#### What you need to do
Exactly the lines below starting at the line with "ステージの観戦スペースでは、" and ending at the line with "在全县十大攻坚战调度暨一季度" are wanted, with both ends included. Leave out the pictures and add no other lines.

#### Exercise inputs
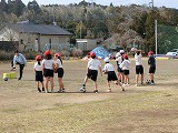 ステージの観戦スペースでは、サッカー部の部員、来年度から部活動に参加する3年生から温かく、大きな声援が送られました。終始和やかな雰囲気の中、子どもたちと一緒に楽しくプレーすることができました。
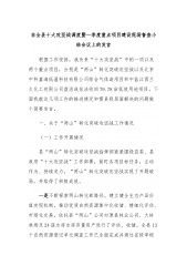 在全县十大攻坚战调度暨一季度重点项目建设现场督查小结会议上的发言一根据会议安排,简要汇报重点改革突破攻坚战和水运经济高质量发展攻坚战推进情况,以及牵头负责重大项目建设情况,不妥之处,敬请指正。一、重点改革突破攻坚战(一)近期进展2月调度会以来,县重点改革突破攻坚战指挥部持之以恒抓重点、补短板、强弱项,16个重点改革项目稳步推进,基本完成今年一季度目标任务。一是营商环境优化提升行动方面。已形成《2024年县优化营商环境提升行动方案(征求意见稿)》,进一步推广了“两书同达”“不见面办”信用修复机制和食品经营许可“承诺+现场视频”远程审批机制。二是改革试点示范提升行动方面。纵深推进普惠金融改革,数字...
==
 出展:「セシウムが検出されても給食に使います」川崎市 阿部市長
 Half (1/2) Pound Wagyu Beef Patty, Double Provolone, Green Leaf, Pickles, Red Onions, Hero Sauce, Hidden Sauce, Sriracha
* * *
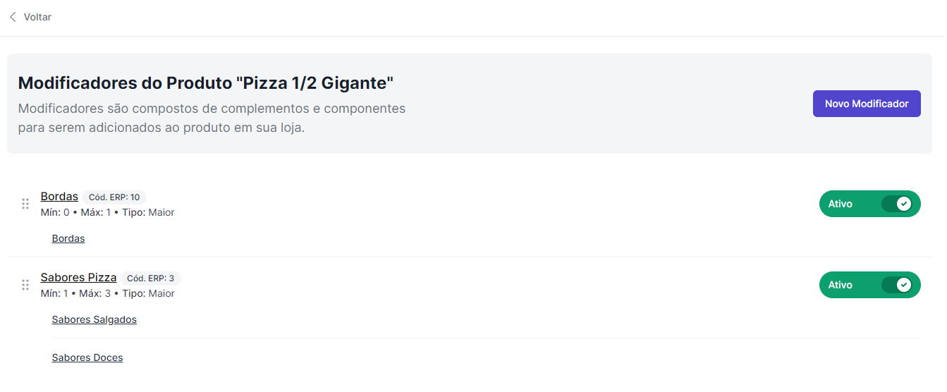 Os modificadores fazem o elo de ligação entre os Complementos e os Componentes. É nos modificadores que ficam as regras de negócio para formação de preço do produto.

#### Answer space
 ステージの観戦スペースでは、サッカー部の部員、来年度から部活動に参加する3年生から温かく、大きな声援が送られました。終始和やかな雰囲気の中、子どもたちと一緒に楽しくプレーすることができました。
 在全县十大攻坚战调度暨一季度重点项目建设现场督查小结会议上的发言一根据会议安排,简要汇报重点改革突破攻坚战和水运经济高质量发展攻坚战推进情况,以及牵头负责重大项目建设情况,不妥之处,敬请指正。一、重点改革突破攻坚战(一)近期进展2月调度会以来,县重点改革突破攻坚战指挥部持之以恒抓重点、补短板、强弱项,16个重点改革项目稳步推进,基本完成今年一季度目标任务。一是营商环境优化提升行动方面。已形成《2024年县优化营商环境提升行动方案(征求意见稿)》,进一步推广了“两书同达”“不见面办”信用修复机制和食品经营许可“承诺+现场视频”远程审批机制。二是改革试点示范提升行动方面。纵深推进普惠金融改革,数字...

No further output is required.